A, the account pond of targeted website is established；

B, effective account within a preset time interval, is randomly selected, simulation logs in targeted website, and uses deep learning method Logon authentication code is identified, to obtain Cookies；

C, by effective Cookies storage into the pond Cookies module；

D, in the module of the pond periodic detection Cookies each Cookie validity, and by invalid Cookie from the pond Cookies mould It is deleted in block.
The crawler system 6. height of multithreading intelligent scheduling according to claim 5 is hidden, it is characterised in that: described in step A Account pond includes effective pond for storing effective account data and the expired pond for storing expired account data, it is described effectively One is provided in pond for marking the threshold value of lowest capacity, when the account data amount in effective pond is lower than the threshold value, automatically from Account data is obtained in the expired pond, to guarantee the account data amount in effective pond at twice or more of threshold value.
The crawler system 7. height of multithreading intelligent scheduling according to claim 1 is hidden, it is characterised in that: the URL task Webpage framework, the rendering information architectures such as mode and web page contents of the queue by the task queue generation module according to targeted website It is formed.

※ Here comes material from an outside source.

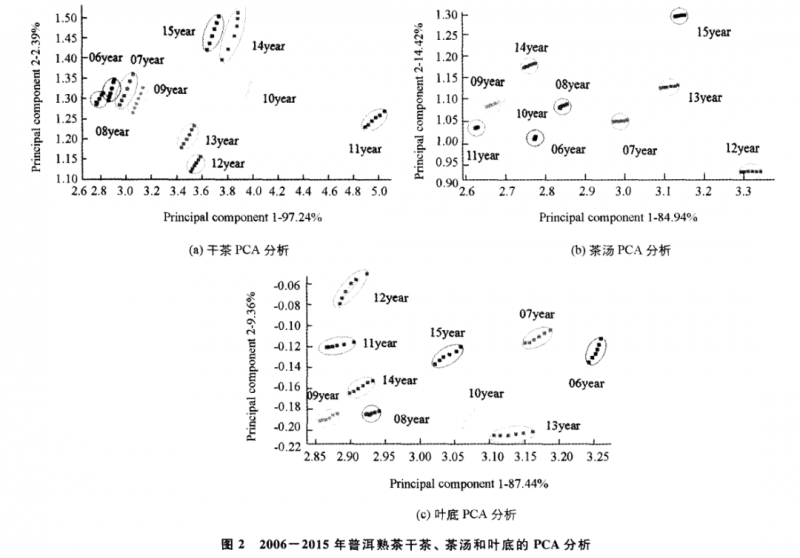 对干茶、茶汤和叶底香气物质进行 PCA 分析 (选取 55~60S的 6个检测信号 ),干茶 (图 2a)、茶汤 (图2b)和叶底(图 2c)的 PCA 分析结果显示:干茶 、茶汤和叶底 的第一主成分区分贡献率分别达到 97.24% ,84.94%和87.44 %,第二主成分区分 贡献率分别达到 2.39% ,14.42% 和 9.36 %,两个主成分区分的累计贡献率分别 达到 99.63% ,99.36% 和 96.80% ,说明这两个主成分已经基本代表了样品的主 要信息特征,PCA分析具有可行性。另外,在 PCA 的散点图中 ,不同年份普洱熟茶香气成分的数据采集点所在的椭圆形区域除2006年 至 2009年 的干茶之间以及 2009年与2010年的茶汤之间有部分重叠外 (图 2a,2b),其余的都分布在特定的区域中,说明不同储藏年份普洱熟茶的香气有较大的差异,PCA分析可以将不同储藏年份的普洱熟茶香气归类,并加以区分,且区分效果良好。

The crawler system 8. height of multithreading intelligent scheduling according to claim 1 is hidden, it is characterised in that: the multithreading is climbed Erpoglyph block is opened multiple crawler threads simultaneously and is crawled, and the multithreading crawler module includes message queue module, described to disappear The unexpected message that breath Queue module returns when being crawled by multiple crawler threads forms, and the message queue module will disappear extremely Breath is sent to the scheduling of resource module, and initiates resource request to the scheduling of resource module.

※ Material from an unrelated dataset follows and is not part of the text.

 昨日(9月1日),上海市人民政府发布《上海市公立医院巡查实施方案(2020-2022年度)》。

The crawler system 9. height of multithreading intelligent scheduling according to claim 8 is hidden, it is characterised in that: the scheduling of resource Message queue listening thread is equipped in module, to monitor the message of the message queue module sending in real time and according to message content Scheduling of resource is carried out, the scheduling of resource module is based on first in first out and provides effective generation to the multithreading crawler module Manage IP and cookie information.
The crawler system 10. height of multithreading intelligent scheduling according to claim 8 is hidden, it is characterised in that: the database Update module updates storage the normal information for receiving the normal information returned when multiple crawler threads are crawled In relevant database.